RECOMMENDATION 33: The TPS create a formal statement on psychological wellness for TPS members. This statement should:

  1. acknowledge the stresses and mental health risks that members face in the course of the performance of their duties;
  2. confirm the Service’s commitment to providing support for members’ psychological wellness;
  3. emphasize the importance of members attending to their mental health needs;
  4. emphasize the importance of members monitoring the mental health of their colleagues, and assisting colleagues to address mental health concerns;
  5. emphasize the role of supervisory officers in monitoring the mental health of those under their command, and in intervening to assist where appropriate;
  6. set out the psychological wellness resources available to members of the Service; and
  7. be accessible online and used in training at all levels of the Service.

RECOMMENDATION 34: The TPS consider whether to establish a comprehensive psychological health and safety management system for the Service.

RECOMMENDATION 35: The TPS provide a mandatory annual wellness visit with a TPS psychologist for all officers within their first two years of service.

RECOMMENDATION 36: The TPS consider providing less frequent periodic mandatory wellness visits with a TPS psychologist or other counsellor for all police officers, or, if it is not immediately possible to provide wellness visits to all officers, for any officer who works as a first responder, coach officer, or supervisory officer.
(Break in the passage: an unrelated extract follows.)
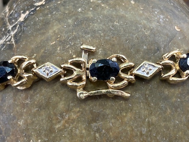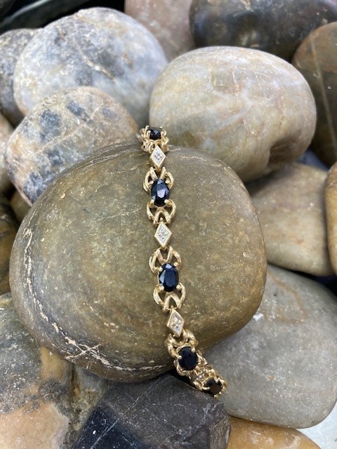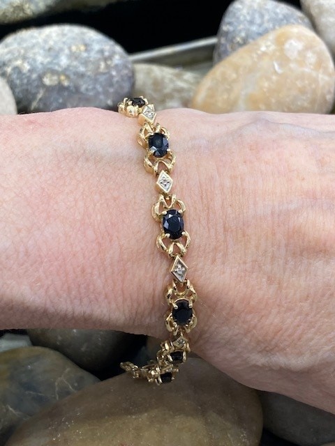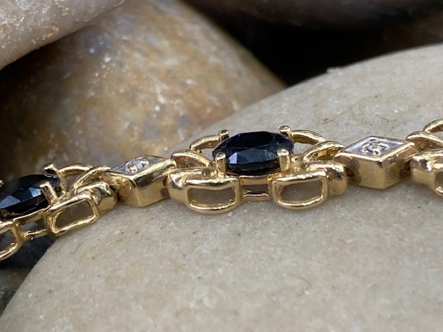 This elegant 14 karat yellow gold bracelet showcases ten dark oval sapphires, each measuring 4 x 6 mm, with a total sapphire weight of 6.38 carats. Between each sapphire link, delicate mined diamond accents add subtle sparkle, totaling 0.06 carat with I2 clarity and I color. Weighing 10.86 grams, the bracelet is secured with a side ways tongue clasp and an added side safety clasp for confident, comfortable wear. A timeless 7″ piece that blends rich color with graceful brilliance, perfect for both special occasions and everyday elegance.

The TPS should also encourage all officers to seek counselling voluntarily.

RECOMMENDATION 37: The TPS promote a greater understanding of the role and availability of the TPS psychologists, the EFAP and peer support groups as confidential resources that officers are encouraged to make use of to help them stay mentally healthy.

RECOMMENDATION 38: The TPS consider whether it would be helpful to establish an Internal Support Network for people who have experienced a shooting or other traumatic incident, or more generally to help officers with work-related psychological stresses.
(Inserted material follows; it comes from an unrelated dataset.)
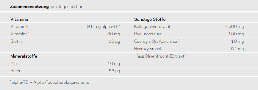 Wasser, Kollagenhydrolysat (aus Rind), Orangensaftkonzentrat, Stabilisator Glycerin, Maracujasaftkonzentrat, Säuerungsmittel Citronensäure, Hydroxytyrosol-haltiger Olivenfrucht-Extrakt (aus Olea europaea), Natrium-L-ascorbat, Natriumhyaluronat, Coenzym Q10, Konservierungsstoff Kaliumsorbat, DL-alpha-Tocopherylacetat, Zinksulfat, Natriumselenat, Süßungsmittel Acesulfam K und Sucralose, Aroma, D-Biotin

RECOMMENDATION 39: The TPS consider creating a new procedure, substantially modelled after Procedure 08-05 “Substance Abuse,” to address members’ mental health, and specifically to require officers in supervisory roles to monitor for mental health concerns of TPS members under their command, in order to identify means of providing help for mental health issues before a fitness for duty issue arises.
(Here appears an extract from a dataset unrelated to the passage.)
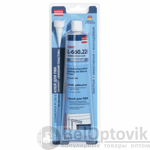 Клей диффузионный 200 г, COSMOFEN PLUS-S БЕЛЫЙ, высокопрочный, жидкий, ПВХ, тюбик БЛИСТЕР, SL 660.220 BL

RECOMMENDATION 40: The TPS provide officers in supervisory roles with training specific to monitoring other officers’ psychological wellness and guiding preventive intervention where it is warranted.

Chapter 10: USE OF FORCE

Improving the Use of Force Procedure to reflect best practices

RECOMMENDATION 41: The TPS revise its Use of Force Procedure to supplement the Ontario Use of Force Model and guidelines with best practices from external bodies such as the International Association of Chiefs of Police, the United Nations and other police services in order to:

  1. incorporate approaches to minimizing the use of lethal force wherever possible;
  2. increase the emphasis placed on the seriousness of the decision to use lethal force in response to a person in crisis;
  3. further emphasize lethal force as a last resort to be used in crisis situations only where alternative approaches are ineffective or unavailable;
  4. articulate the importance of preserving the lives of subjects as well as officers wherever possible;
  5. recognize indicators of mental health crises as symptoms rather than threats to officer safety;
  6. acknowledge that many mental health calls result from crisis symptoms rather than criminal behavior;
  7. emphasize that police responding to people in crisis are usually required to play a helping role, not an enforcement role; and
  8. articulate that communication with a person in crisis should be a default technique in all stages of assessing and controlling the situation and planning a response.

Updating the Use of Force Procedure

RECOMMENDATION 42: The TPS regularly update its Use of Force Procedure to reflect best practices and the results of further research into the most effective means of communicating with people in crisis. In this regard, the TPS should seek alternative approaches for officers when a person in crisis does not appear to comprehend or have the ability to comply with the Police Challenge; and consider consulting with provincial agencies, the Ontario Police College, mental health experts, consumer survivors, and others with specialized experience to ensure that the Use of Force Procedure reflects best practices.

Chapter 11: MCIT AND OTHER MODELS OF CRISIS INTERVENTION

Crisis Intervention Teams

RECOMMENDATION 43: The TPS develop a pilot Crisis Intervention Team (CIT) program, intended to complement the MCIT program, along the lines of the Memphis/Hamilton model, in the aim of being able to provide a specialized, trained response to people in crisis 24 hours per day.

RECOMMENDATION 44: The TPS fully implement the 10 core elements of the Memphis/Hamilton CIT model comprehensively discussed in this Report.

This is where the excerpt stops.